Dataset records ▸
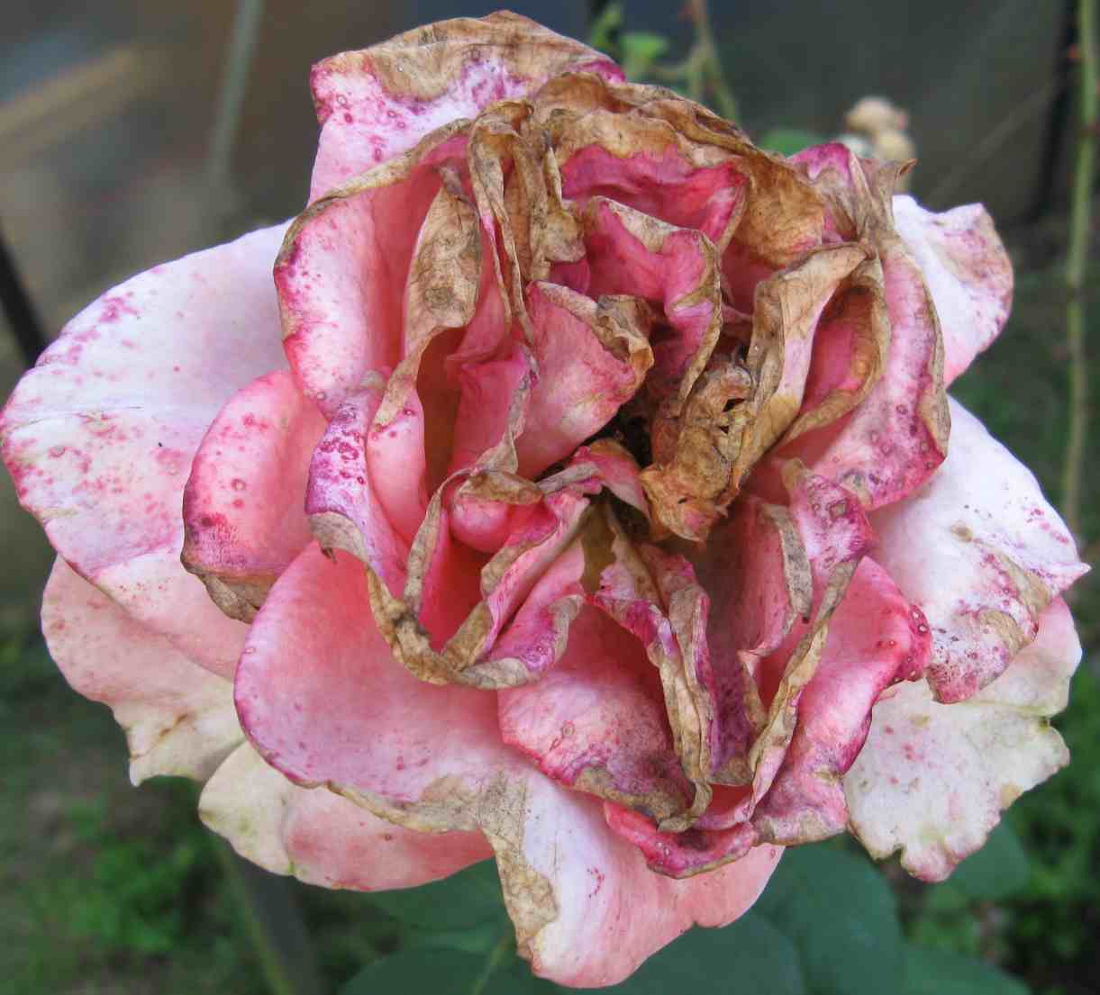 Diese Rose sieht meistens noch fast "taufrisch" aus, wenn sie ihre Blütenblätter abwirft .Kurz nach dem Aufnehmen dieses Bildes hat sie die Blüte dann auch verabschiedet
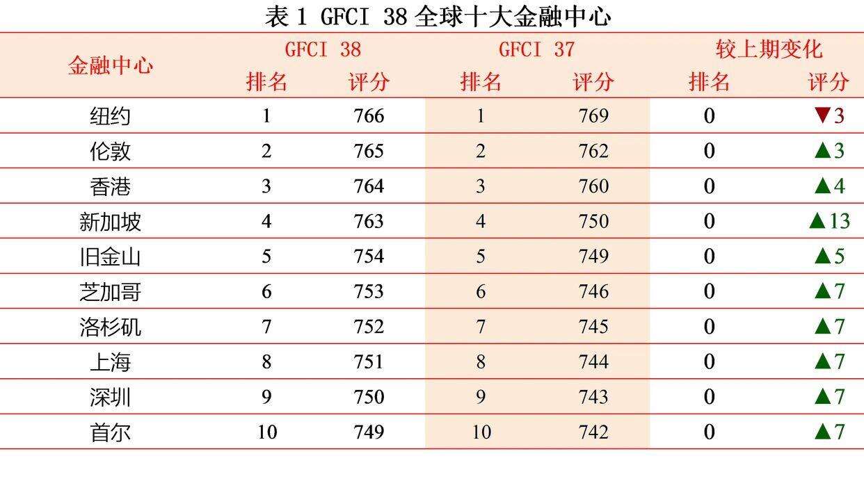 英国Z/Yen集团与中国(深圳)综合开发研究院昨日(25日)联合发布第38期《全球金融中心指数》报告,香港的整体评分上升4分至764分,继续位列全球第三,亚太区第一,与位列第一的纽约和第二的伦敦的分数差距,分别收窄至2分和1分。
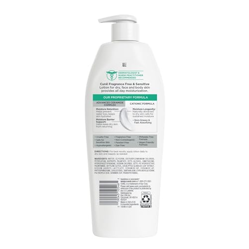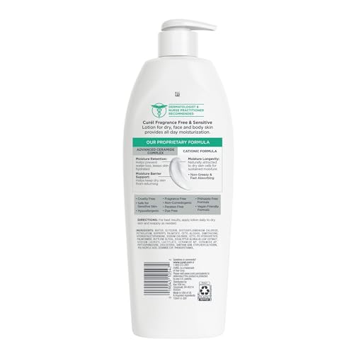 Curel Fragrance Free Comforting Body Lotion, Unscented Dry Skin Moisturizer for Sensitive Skin, with Advanced Ceramide Complex, Repairs Moisture Barrier, 20 oz
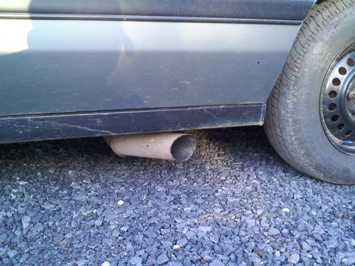 my buddy and i welded together this monster. yes im losing tq and hp but it sounds frickin crazy! from stock downpipe to 3in sec. - 5in sec "resonator" - 3 in. out the side. hahaha
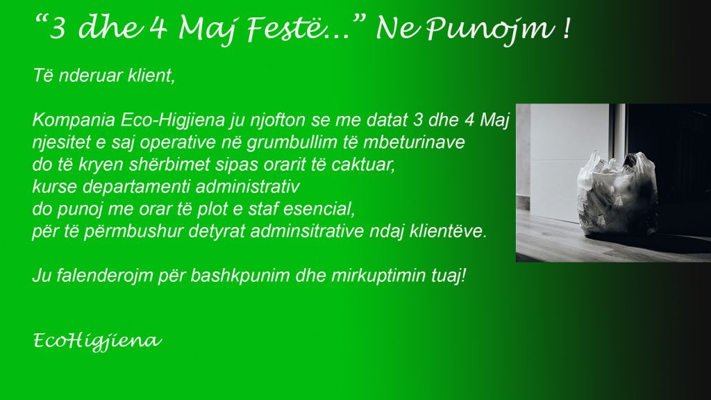 Hvala zaposlenima u EcoHigjiena Sh.p.k na njihovoj neumornoj posvećenosti i izgradnji posebnog okruženja. Naša zahvalnost je beskrajna vama i odličnoj usluzi koju pružate.
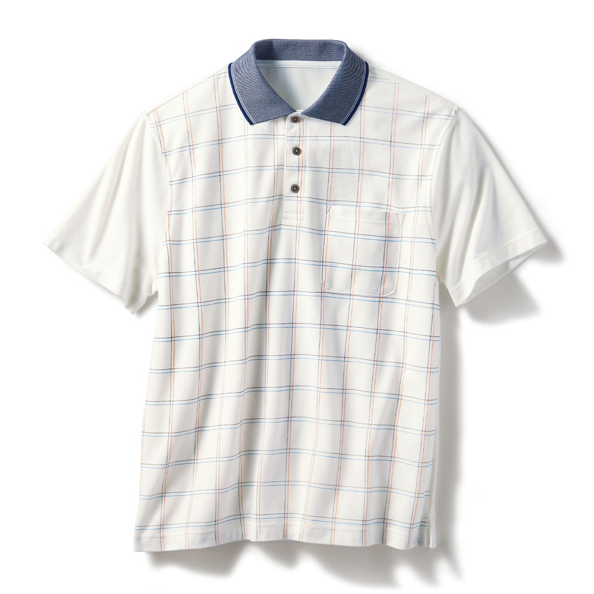 -お買い得ポイント-風合いのよさと上品な柄で大人の普段着にさりげなく映える一着です。-デザイン-衿のライン使いやさりげないチェック柄がポイント。-素材特徴-サラッと薄手で涼感のある夏らしいポロ。鹿の子素材。

WHAT THE EXERCISE ASKS ▸
Write out exactly the lines from the one that contains "Hvala zaposlenima u" through the last line of the data above, both included. Leave every picture out.

EXERCISE RESULT ▸
 Hvala zaposlenima u EcoHigjiena Sh.p.k na njihovoj neumornoj posvećenosti i izgradnji posebnog okruženja. Naša zahvalnost je beskrajna vama i odličnoj usluzi koju pružate.
 -お買い得ポイント-風合いのよさと上品な柄で大人の普段着にさりげなく映える一着です。-デザイン-衿のライン使いやさりげないチェック柄がポイント。-素材特徴-サラッと薄手で涼感のある夏らしいポロ。鹿の子素材。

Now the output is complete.